Excluding pictures, retype exactly the lines from the one with "Original cabinet hardware" through the end of the records that follow.

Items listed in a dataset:
↓

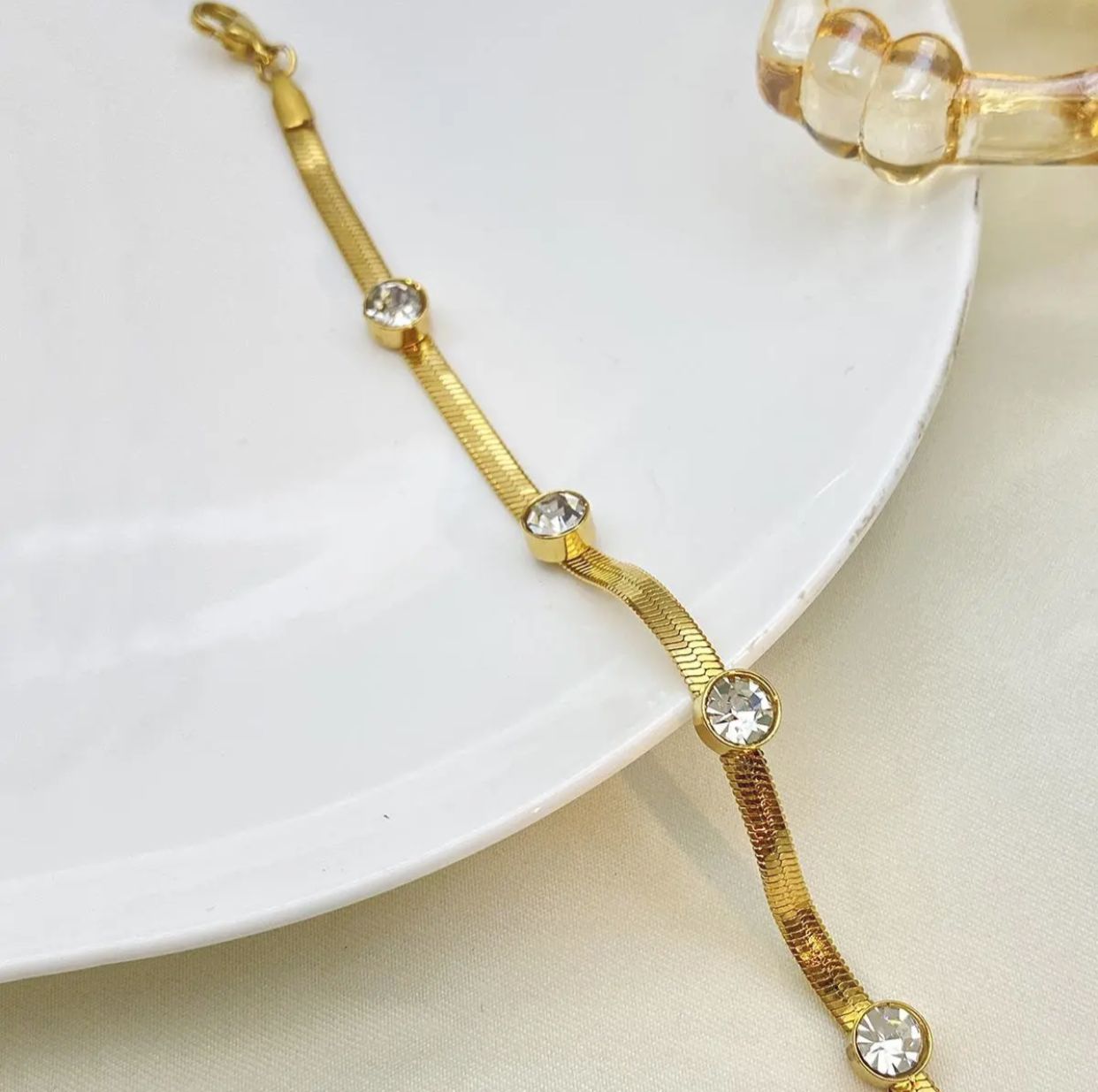 Subtle yet luxurious chain bracelet with clear crystals.
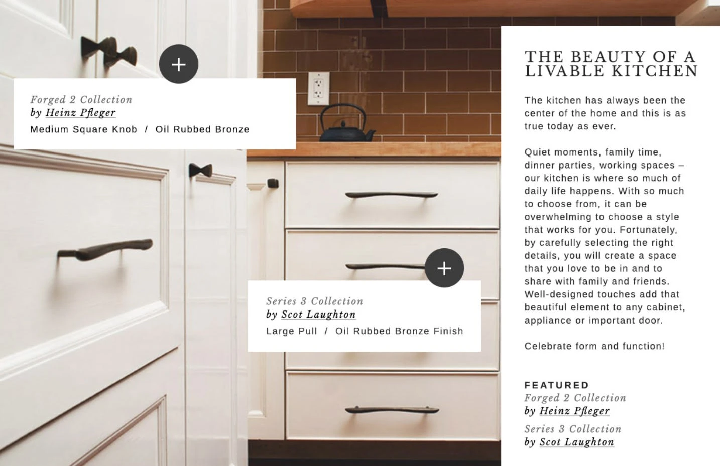 Original cabinet hardware designed by the great metal smith, Heinz Pfleger. Forged 2 has classic shapes and retains the handmade qualities of the original forged pieces on which the collection is based. Forged 2 is the perfect completing element for your kitchen, bath and fine furniture.
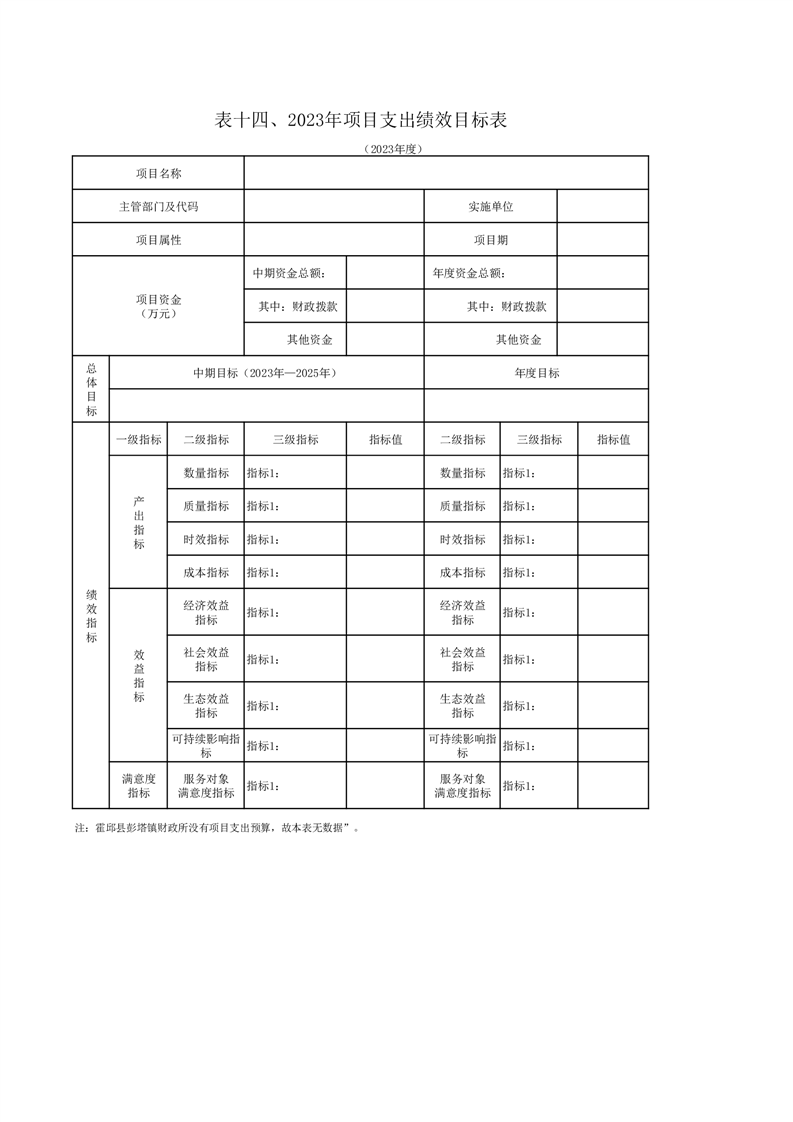 2023年霍邱县彭塔镇财政所没有需编制绩效目标的项目。
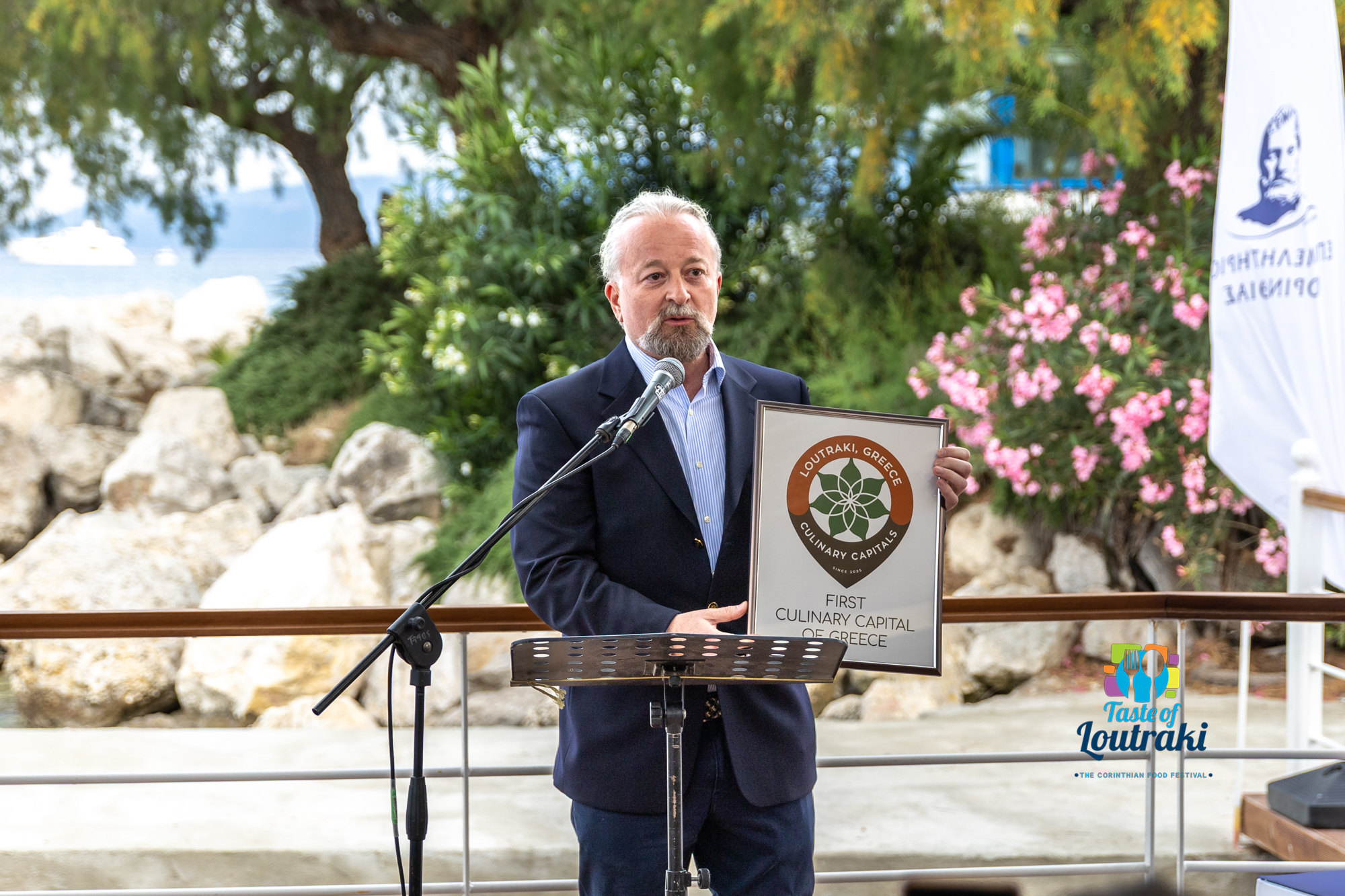 Κατά την επίσημη τελετή έναρξης, η οποία πραγματοποιήθηκε στον προαύλιο χώρο της ΑΕΔΙΚ, παρουσία εκπροσώπων του Δήμου, της Περιφέρειας Πελοποννήσου, του Επιμελητηρίου Κορινθίας και του Τουριστικού Οργανισμού Λουτρακίου (L.T.O), έγινε μια σημαντική ανακοίνωση. Ο Πρόεδρος του Συλλόγου Επισιτιστών Λουτρακίου, Γιάννης Κόντης, παρέλαβε την πιστοποίηση του τίτλου “Culinary Capital” εκ μέρους της πόλης του Λουτρακίου από τον διεθνώς αναγνωρισμένο οργανισμό World Food Travel Association, καθιστώντας το Λουτράκι την πρώτη πόλη στην Ελλάδα που λαμβάνει αυτή τη διάκριση.
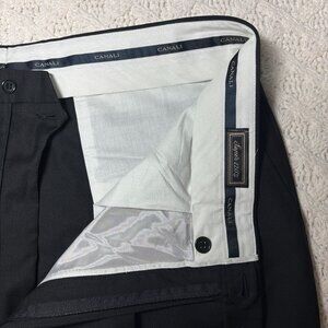 Elevate your wardrobe with these Canali Super 120's men's pleated $650 dress pants, meticulously tailored in Italy. Crafted from 100% pure wool, these luxurious trousers provide superior comfort and a refined look. The pants feature a classic pleated front for timeless style, along with a hook and button closure for a secure fit. With their sleek black color and impeccable craftsmanship, they are a versatile addition to any formal or business attire. The interior waistband boasts Canali branding, underscoring the premium quality of this garment. Care instructions indicate dry cleaning only.
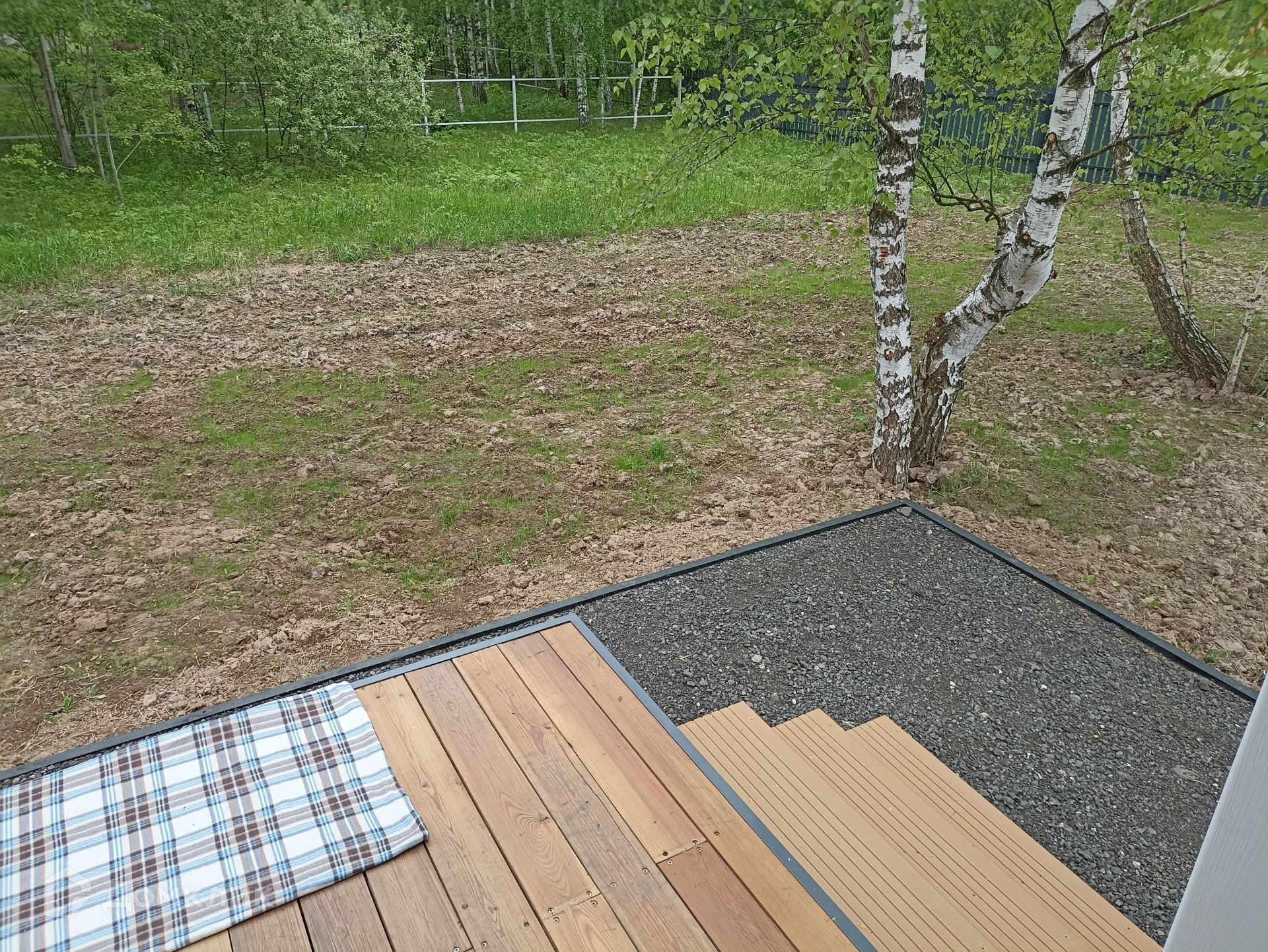 Из окон открывается просто волшебные виды! И на лиловые закаты и на лес. По грунту была произведена сложная земле подготовка: срезан корневой пласт, выровнена плоскость с плавным понижением в сторону леса, грунт отфрезерован.
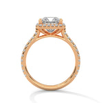 Halo and pavé band design for radiant allure
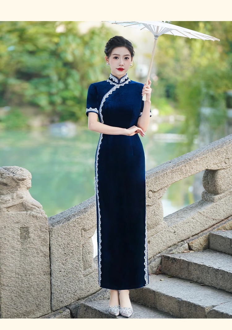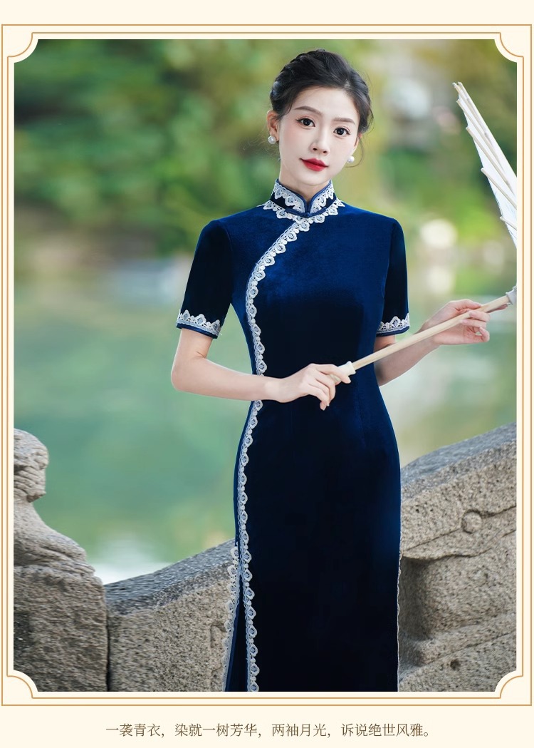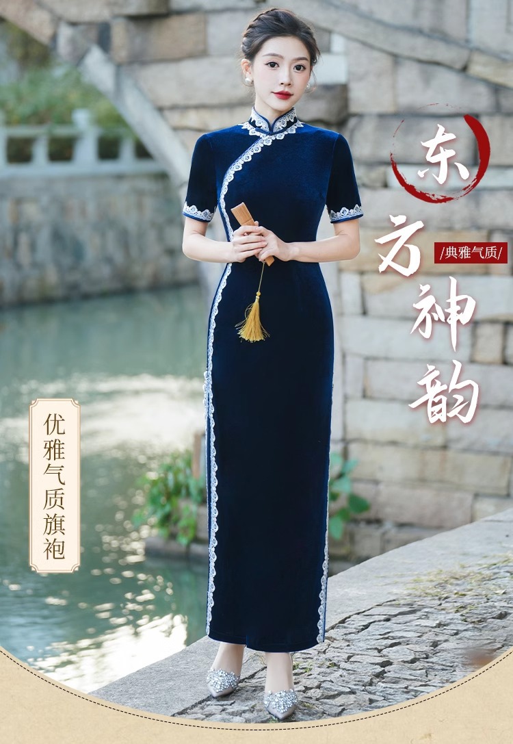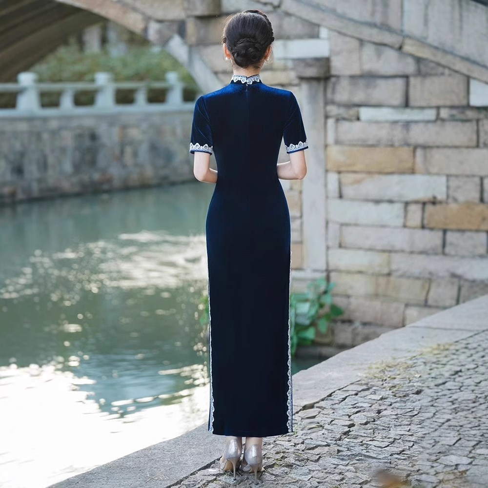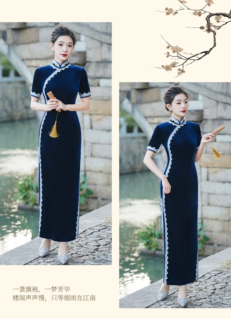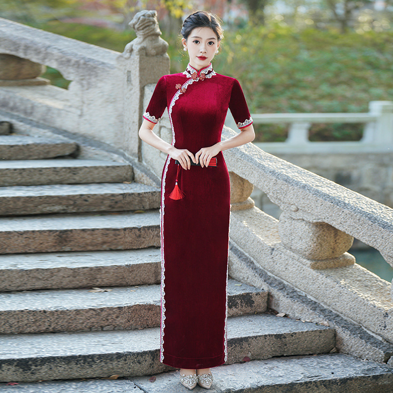 Модное и элегантное бархатное платье-ципао 2026 года, улучшенная модель для повседневной носки и выступлений на подиуме

↑

- Solution -
 Original cabinet hardware designed by the great metal smith, Heinz Pfleger. Forged 2 has classic shapes and retains the handmade qualities of the original forged pieces on which the collection is based. Forged 2 is the perfect completing element for your kitchen, bath and fine furniture.
 2023年霍邱县彭塔镇财政所没有需编制绩效目标的项目。
 Κατά την επίσημη τελετή έναρξης, η οποία πραγματοποιήθηκε στον προαύλιο χώρο της ΑΕΔΙΚ, παρουσία εκπροσώπων του Δήμου, της Περιφέρειας Πελοποννήσου, του Επιμελητηρίου Κορινθίας και του Τουριστικού Οργανισμού Λουτρακίου (L.T.O), έγινε μια σημαντική ανακοίνωση. Ο Πρόεδρος του Συλλόγου Επισιτιστών Λουτρακίου, Γιάννης Κόντης, παρέλαβε την πιστοποίηση του τίτλου “Culinary Capital” εκ μέρους της πόλης του Λουτρακίου από τον διεθνώς αναγνωρισμένο οργανισμό World Food Travel Association, καθιστώντας το Λουτράκι την πρώτη πόλη στην Ελλάδα που λαμβάνει αυτή τη διάκριση.
 Elevate your wardrobe with these Canali Super 120's men's pleated $650 dress pants, meticulously tailored in Italy. Crafted from 100% pure wool, these luxurious trousers provide superior comfort and a refined look. The pants feature a classic pleated front for timeless style, along with a hook and button closure for a secure fit. With their sleek black color and impeccable craftsmanship, they are a versatile addition to any formal or business attire. The interior waistband boasts Canali branding, underscoring the premium quality of this garment. Care instructions indicate dry cleaning only.
 Из окон открывается просто волшебные виды! И на лиловые закаты и на лес. По грунту была произведена сложная земле подготовка: срезан корневой пласт, выровнена плоскость с плавным понижением в сторону леса, грунт отфрезерован.
 Halo and pavé band design for radiant allure
 Модное и элегантное бархатное платье-ципао 2026 года, улучшенная модель для повседневной носки и выступлений на подиуме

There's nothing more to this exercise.